[Date Prev][Date Next][Thread Prev][Thread Next][Date Index][Thread Index]

[netCDF #UZM-707371]: Possible problem with zlib on OS X



> Hello,
>
> I have a quick question about netCDF4 on OS X. Specifically, the
> performance of reading netCDF4 files. This appears to be extremely
> slow; in the following (approximate) timings, I am using a GHRSST
> format AMSRE SST file in netCDF3 format (amsre.nc3) and the same file
> converted manually to a netCDF4 file (with zlib on, shuffle on and
> chunking off), called amsre.nc4.
>
> I have BOTH the nc3 and nc4 libraries and utillities installed (so I
> call them ncdump3 / ncdump4....)
>
> Time to ncdump3 amsre.nc3 -> about 1 second
> Time to ncdump4 amsre.nc4 (with zlib off) -> about 2 seconds
> Time to ncdump4 amsre.nc4 (with zlib on) -> 4 MINUTES!!!!!!
> Time to gzip amsre.nc3 -> about 1 second
>
> Clearly, there is a problem with the zlib implementation on my version
> of netCDF4 (4.0.3-beta).
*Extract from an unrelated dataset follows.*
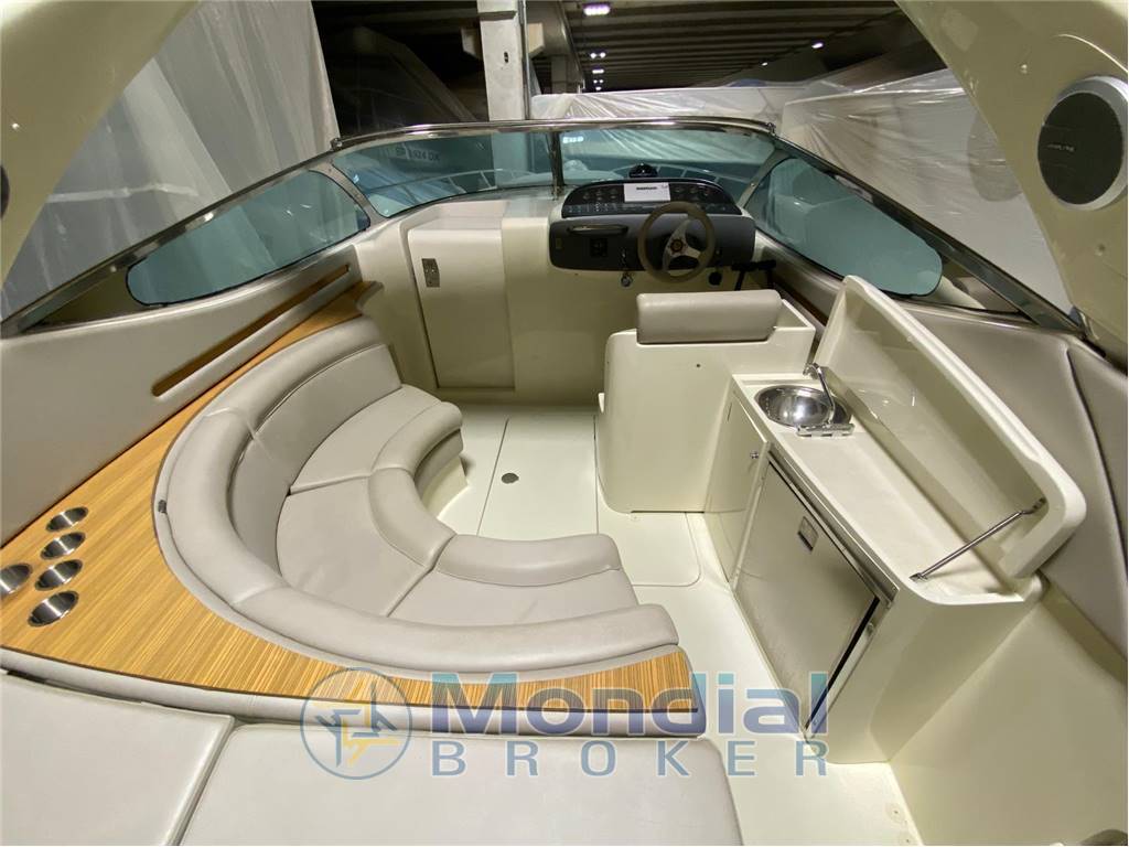 Notas internas- Letto a prua - Mobile bar con lavello - Frigorifero - Aria condizionata - Bagno separato con WC elettrico Notas de la instrumentación- Elica di prua- Flap - Bussola - GPS - Chartplotter Simrad - Ecoscandaglio - Tromba - Indicatore di velocità - Radio - Lettore CD - Lettore MP3 - Collegamento Ipod - Bluetooth - Altoparlanti in pozzetto - Luci di navigazione - Batterie - Caricabatteria - Cavo di banchina - Inverter Pompa di sentina Notas de armamento- Plancetta di poppa in teak- Rollbar - Frigorifero pozzetto - Lavello - Prendisole di poppa - Divano pozzetto - Portabicchieri - Mobile Bar - Gavoni nel pozzetto - Scaletta bagno - Bimini top - Parabordi - Doccia - Ancora - Verricello elettrico - Tientibene in acciaio inox - Cuscinerie esterne color Grigio chiaro - Cuscino prendisole di prua - Cuscinerie interne color Crema - Telo copripozzetto - Impianto antincendio nel vano motore - Estintore - Impianto di allarme - Generatore - Boiler - Sistema di lavaggio della coperta |

It takes about 300 times longer to read the
> netCDF4 file with the ncdump4, than to convert it to netCDF3 and read
> it from there!
>
> I am using netcdf3 (3.6.3), apple OS X 10.5.6 (intel)
>
> I don't doubt that I have just missed something, but just in case, I
> thought I should report this.
>
> Do have any suggestions?
>
> Many thanks
>
> Dave Poulter
>
> David J. S. Poulter, Satellite Oceanographer
> National Oceanography Centre, Southampton
> European Way, Southampton, SO14 3ZH, UK
> Tel: +44(0)23 80596107
> E-mail: address@hidden
>

Howdy David!

I believe you should be getting much better performance.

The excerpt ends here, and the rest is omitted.